If you need to investigate CPU related issues, sampling provides an easy mechanism for identifying bottlenecks, with minimal effects on the performance.

Sampling vs Profiling

First of all, let’s understand the difference between sampling and profiling, which is a key prerequisite.

Profiling

Profiling involves instrumenting the entire application code or only some classes in order to provide runtime performance metrics to the profiler application. Since this involves changes to the application code, which are applied automatically by the profiler, it also means that there is a certain performance impact and risk of affecting the existing functionality.

The actual degree of the performance impact is hard to determine, but it can become significant if CPU intensive sections are instrumented.

Profiling is usually recommended for optimizing specific algorithms or when you’re interested in measuring the invocation counts.

Sampling

Sampling on the other side works by periodically retrieving thread dumps from the JVM. In this case, the performance impact is minor (and constant since the thread dumps are retrieved using a fixed frequency) and there’s no risk of introducing side effects. This process is a lot less intrusive and can also be performed quite reliably on remote applications (i.e. it could even be applied to production instances).

The main downside of CPU sampling is the accuracy - since the thread dump is retrieved at fixed intervals, there is a high risk of missing certain method invocations (especially the very fast ones). This means that the invocation count of methods is very innacurrate, but the total spent time (and CPU time) should still provide some relavant metrics.

When to Use CPU Sampling

Unless you are interested in very precise performance metrics (albeit affected by the added cost of instrumentation), you should use sampling most of the time. The main advantage of profiling is its accuracy, but since there’s the performance impact added by instrumentation, most of the performance metrics will be off by an unknown factor.

How to Run CPU Sampling

Local applications

For local applications, launch VisualVM from the JDK binary directory,

  1. Select (double click) on the process that you would like to monitor on the left hand screen.
  2. Click on the “Sampler” tab
  3. When you are ready to perform your test, select the button “CPU” next to the “Sample” tab.
  4. Once the test has finished, press “Stop” and press the “Snapshot” button.

Please keep in mind that the data displayed before taking a snapshot may or may not be very accurate. You should do your analysis only on snapshots.

A common error that people do when following this steps is to take an actual screenshot of the sampling screen. While it’s nice they were so thoughtful, the data is mostly pointless - as most of the time the performance bottlenecks will be somewhere deeper in the call hierarchy and will not be seen from the overview.

Remote applications

For remote applications, the process is very similar but it requires setting up a JMX connection to the Java process to be monitored.

  1. Enable the JMX port on your application. This is outside the scope of this article, but you can check the official Oracle documentation for more details: Monitoring and Management Using JMX Technology
  2. Right click on the “Remote” tab in the left hand screen.
  3. Select “Add Remote Host”
  4. Fill in the host name. Most of the times, this will be sufficient but depending on how you’ve enabled JMX on the remote process, you may need to also check the “Advanced Settings” tab.
  5. Right click on the newly added host and select “Add JMX connection”.
  6. Fill in the connection details (including port number) and the display name. If you’re application is deployed using multiple processes, you should enter a descriptive display name.
  7. Double click on the newly added JMX connection.
  8. From this point onwards, the steps are identical with the ones from “Local applications”.

How to Interpet the Data

This depends a lot on the actual issues that you’re trying to investigate and the application architecture. For example, if you have a desktop application with a fixed amount of threads, the call tree with the break down per thread may be useful.

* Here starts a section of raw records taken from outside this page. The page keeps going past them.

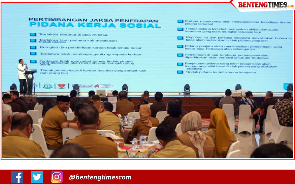 “Pelaksanaan pidana kerja sosial didasari putusan pengadilan, diawasi jaksa, serta dibimbing oleh pembimbing kemasyarakatan. Delik yang dapat dikenakan adalah tindak pidana dengan ancaman kurang dari lima tahun, ketika hakim menjatuhkan pidana penjara maksimal enam bulan atau denda kategori II sebesar Rp10 juta,” terangnya.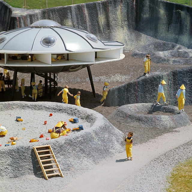 Ce jardin d’enfants est constitué d’un ensemble des bâtiments réalisé par l’architecte vaudois Michel Magnin en collaboration avec les ingénieurs du bureau Conrad Zschokke. Ce complexe en béton armé avait alors notamment pour objectif de montrer au grand public la grande diversité de formes et d’espaces pouvant être envisagée grâce à ce matériau révolutionnaire. Les formes étranges de ces bâtiments avaient également pour ambition de nourrir l’imaginaire des petits et de stimuler leur créativité.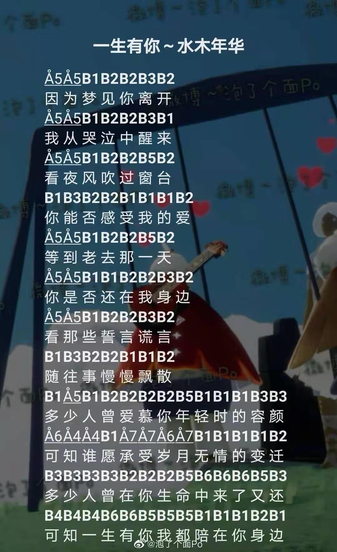 “多少人曾爱慕你年轻时的容颜”,这是一首很好听的音乐。那么,我们在游戏中要如何弹奏呢?在这里,小小编小编为大家带来游戏中关于一生有你的乐谱分享,还不知道的玩家用户快随小小编小编一起来看看吧!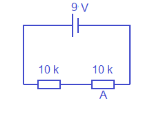 The combined resistance of A plus voltmeter wil be 5 kΩ so th the pd across A will be 1/2 the pd across the other resistor. The total is 9 V so that makes 6 V across one and 3 V across the other.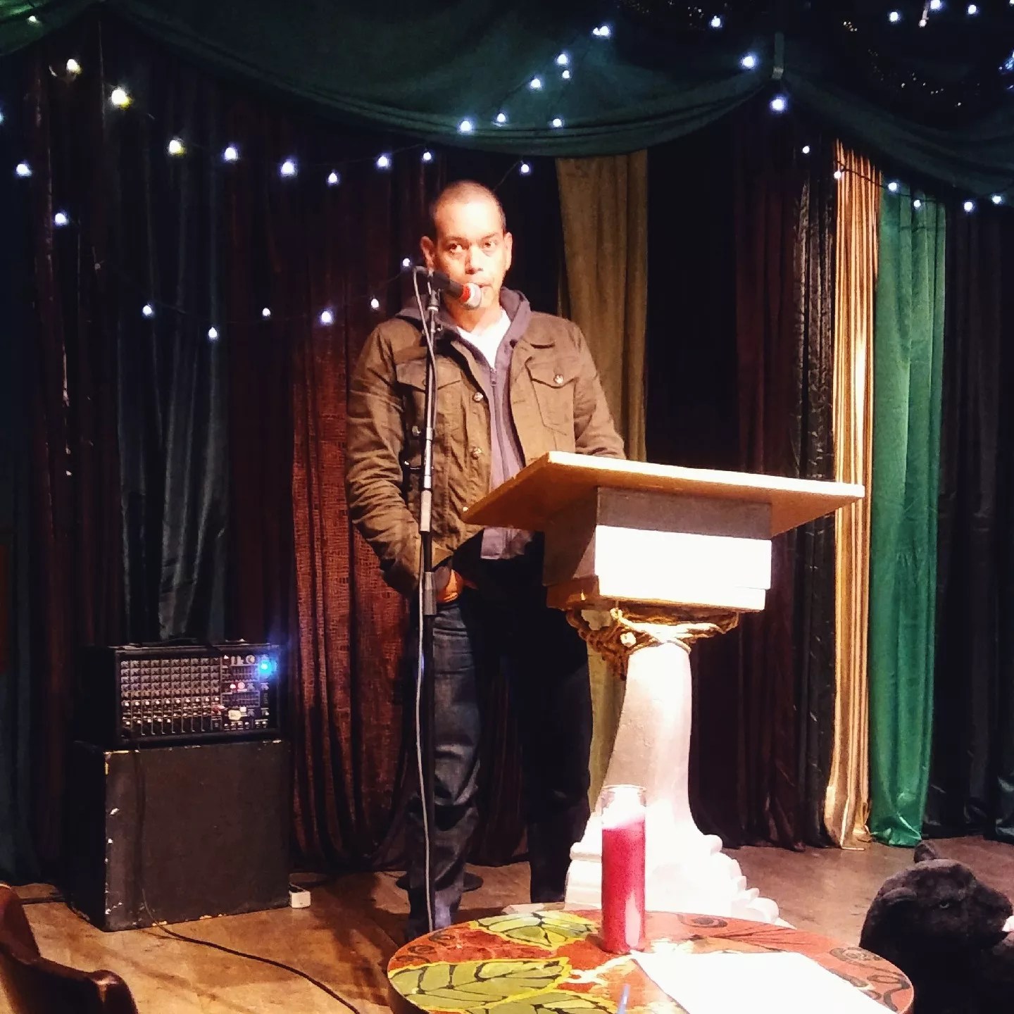 Jay Halsey at the mic for an Fbomb reading.

However, if you’re working on a web application with a variable number of threads, it will probably be hard to figure out what’s happening. In this case, you should probably start from thet “Hot spots” tab and dig deeper from there.

Difference between “Self Time” and “Self Time (CPU)”

VisualVM reports two metrics related to the duration, but there is a significant difference between them:

  • self time - counts the total time spent in that method, including the amount of time spent on locks or other blocking behaviour
  • self time (cpu) - counts the total time spent in that method, excluding the amount of time the thread was blocked

From here, you will need to decide on what you want to focus,

  • if you want to focus on optimising the multithreaded interactions, then you should aim for the self time values including the time the threads were blocked
  • if you’re interested in the overall performace and not care too much about the multithreaded interactions, then should focus solely on the self time (cpu).

Be careful though on how you interpret your results. If you have a thread that keeps a connection open, most likely you will see some very large numbers for the self time. This is normal and it’s not issue.